Exercise objective:
Return all of the listing word for word; the pictures stay out.

Stored data:
BEGIN

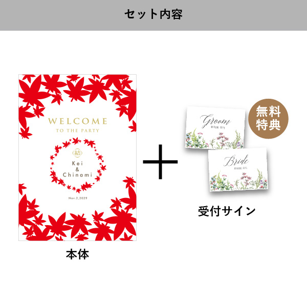 | 無料特典 | 受付サイン1組(新郎用×1組、新婦用×1組) |
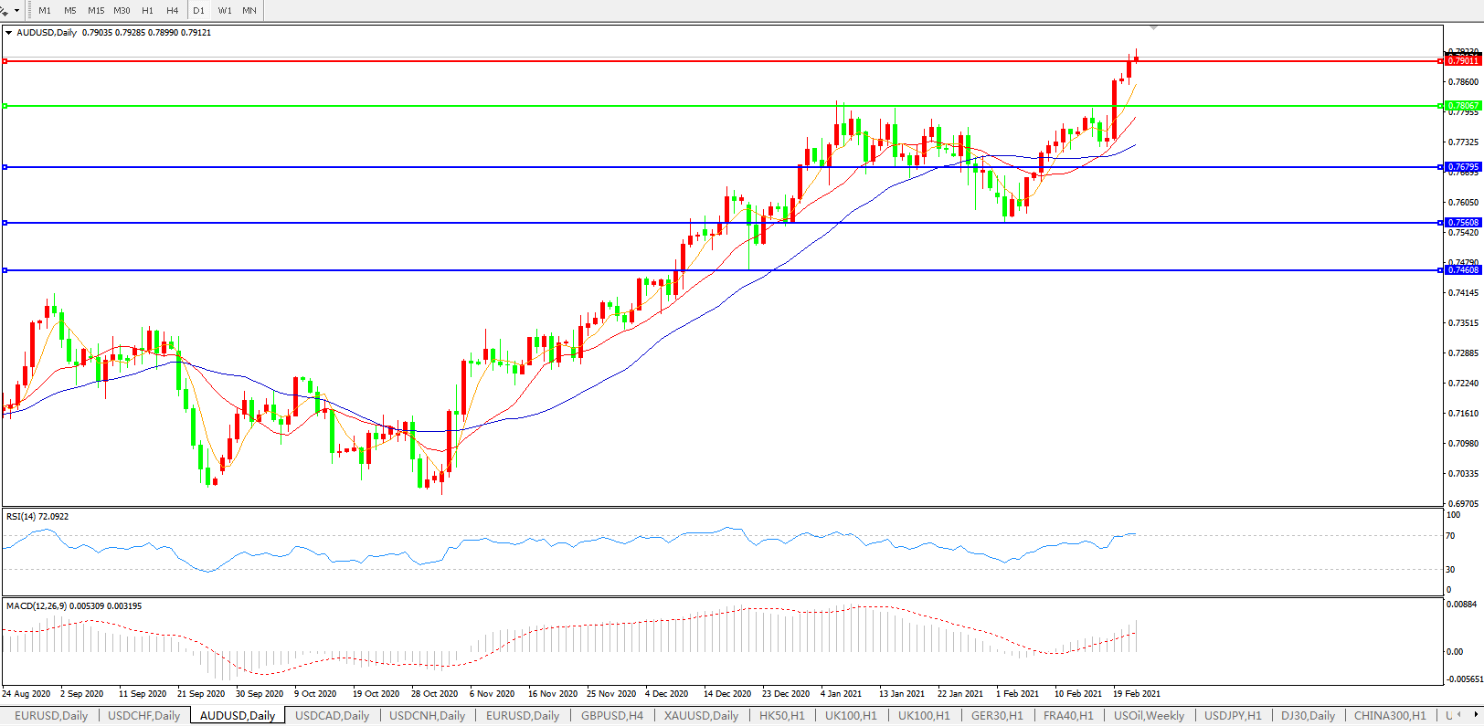 大宗商品价格节节攀升,澳元兑美元持续上攻
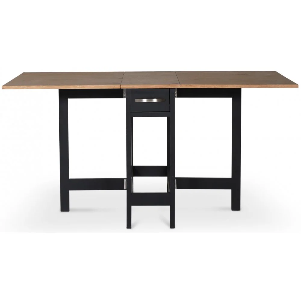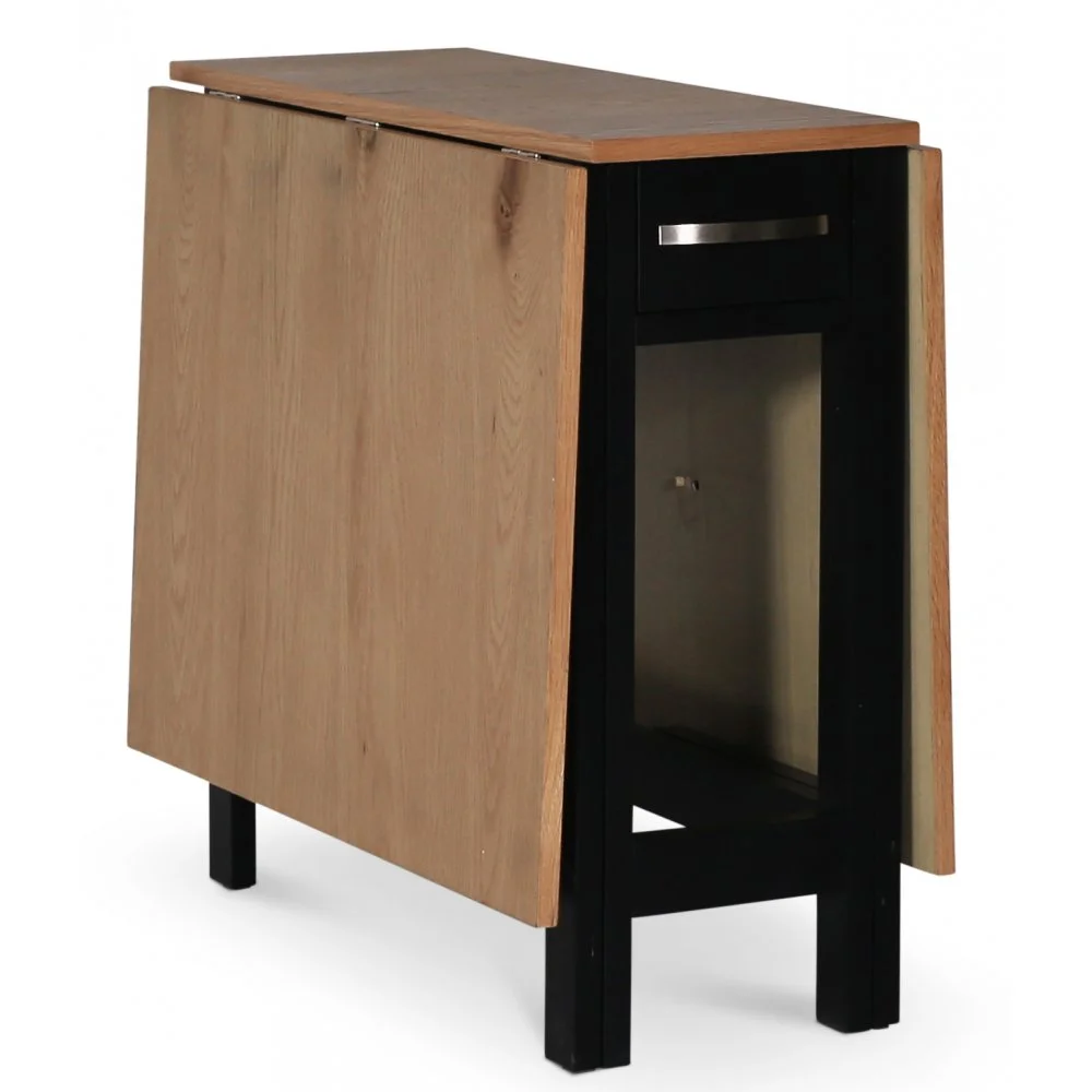 Fårö slagbord med svart underrede och toppskiva av ekfanér. Tillverkat av akacia, fanér och MDF. Ett stilrent och praktiskt bord, som även har två utdragbara lådor (en på varje sida av bordet). Ett slagbord får plats i den minsta vrå i nedfällt läge medans ett fullt uppfällt slagbord rymmer hela familjen runt bordet.

END

Result of the exercise:
 | 無料特典 | 受付サイン1組(新郎用×1組、新婦用×1組) |
 大宗商品价格节节攀升,澳元兑美元持续上攻
 Fårö slagbord med svart underrede och toppskiva av ekfanér. Tillverkat av akacia, fanér och MDF. Ett stilrent och praktiskt bord, som även har två utdragbara lådor (en på varje sida av bordet). Ett slagbord får plats i den minsta vrå i nedfällt läge medans ett fullt uppfällt slagbord rymmer hela familjen runt bordet.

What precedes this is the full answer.